Both pingueculae and pterygium occur in the intrapalpebral space adjacent to the limbus. They typically develop over many years. They are not neoplasms but degenerative tissue alterations related to chronic sun damage. Pingueculae appear as small yellow-gray-white nodules with either an atrophic or thickened overlying epithelium. Pterygium crosses over the limbus and impinges onto the cornea in a winglike, triangular expansion ( Fig. 19-10 ). It has a thickened, fibrovascular appearance.
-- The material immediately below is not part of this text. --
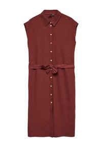 Zelena obleka s kratkimi rokavi, gumbnim zapenjanjem, pasom in stranskimi razporki. Narejena iz lahkega materiala, ima ovratnik in strukturirano silhueto.

These lesions are usually not biopsied for diagnosis, but tissue may be removed surgically for symptomatic relief. The histologic findings usually reveal solar elastotic degeneration associated with nonspecific fibrosis and chronic inflammation.
Treatment of pingueculae is unnecessary because they are typically asymptomatic and show either no or little growth. As it encroaches onto the cornea, a pterygium can interrupt the tear film or induce astigmatism. In this instance, it can be surgically excised and a conjunctival autograft sutured in place to reduce the likelihood of recurrence. On rare occasions, pingueculae and pterygium can incite an inflammatory reaction, which is best treated with a course of topical antiinflammatory drops.
Conjunctival deposition of amyloid protein is a common process in healthy young and middle-aged adults without systemic amyloidosis. It is typically a primary localized entity but can less commonly result from prolonged, antecedent inflammation. It can also occur as an ophthalmic manifestation of systemic disease, such as multiple myeloma or lymphoma.
Amyloid deposition presents as a nodular or diffuse rubbery, waxy thickening of the conjunctiva ( Fig. 19-11 ). It has a yellow-orange appearance and clings in a perivascular fashion. Whereas palpebral deposits usually signify a localized pathology, eyelid involvement is more commonly a systemic manifestation.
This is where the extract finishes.